Data segment ->
::::
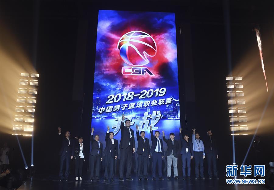 10月18日,姚明(中)与嘉宾一起用托举篮球的姿势启动新赛季。新华社记者陶希夷摄
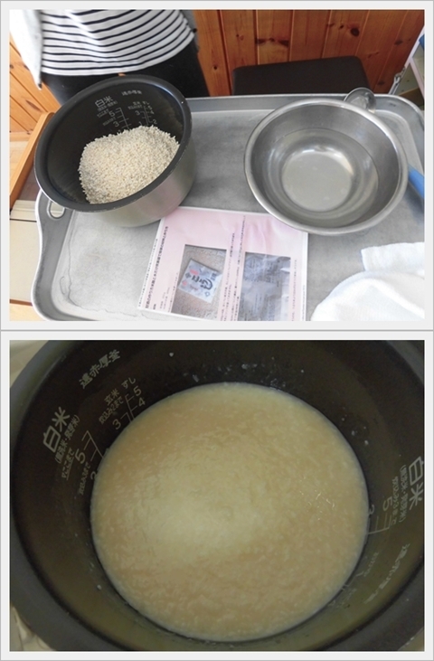 米麹にお湯を入れて、炊飯器の保温で
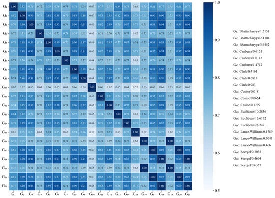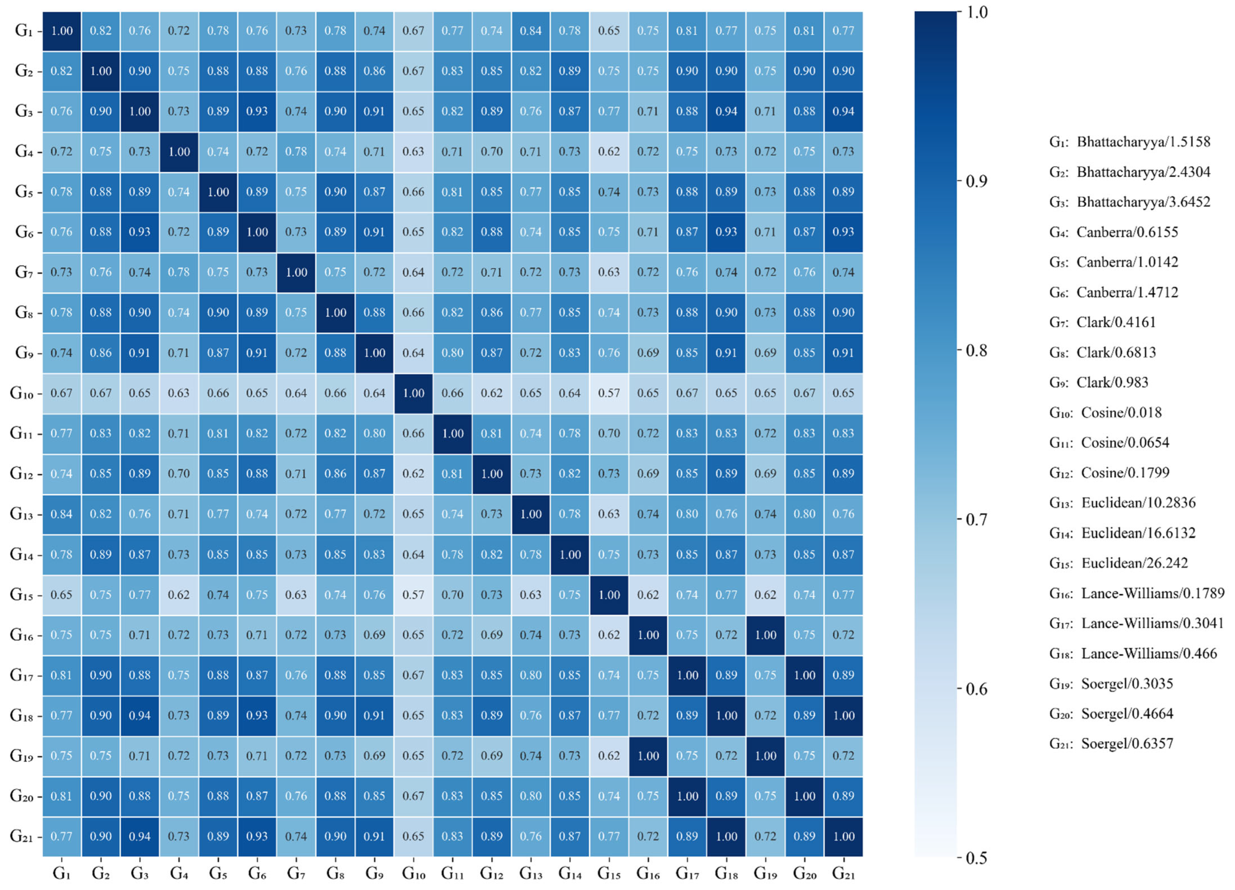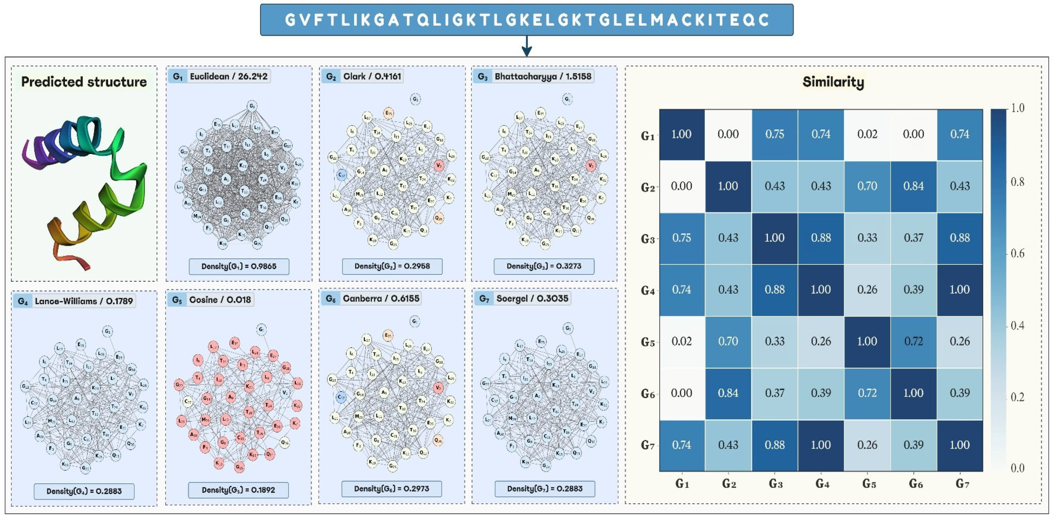 Figure 3. Graph representations built from the ESMFold-predicted structure of a given peptide (StarPep ID: 00743) by applying seven different distance thresholds, namely Euclidean/26.242 (G1), Clark/0.4161 (G2), Bhattacharyya/1.5158 (G3), Lance–Williams/0.1789 (G4), Cosine/0.018 (G5), Canberra/0.6155 (G6), and Soergel/0.3035 (G7). A heat map representing the similarity between each graph pair is also shown.
::::
What is expected ->
Return the full listing above verbatim, please, but without its images.

Answer box ->
 10月18日,姚明(中)与嘉宾一起用托举篮球的姿势启动新赛季。新华社记者陶希夷摄
 米麹にお湯を入れて、炊飯器の保温で
 Figure 3. Graph representations built from the ESMFold-predicted structure of a given peptide (StarPep ID: 00743) by applying seven different distance thresholds, namely Euclidean/26.242 (G1), Clark/0.4161 (G2), Bhattacharyya/1.5158 (G3), Lance–Williams/0.1789 (G4), Cosine/0.018 (G5), Canberra/0.6155 (G6), and Soergel/0.3035 (G7). A heat map representing the similarity between each graph pair is also shown.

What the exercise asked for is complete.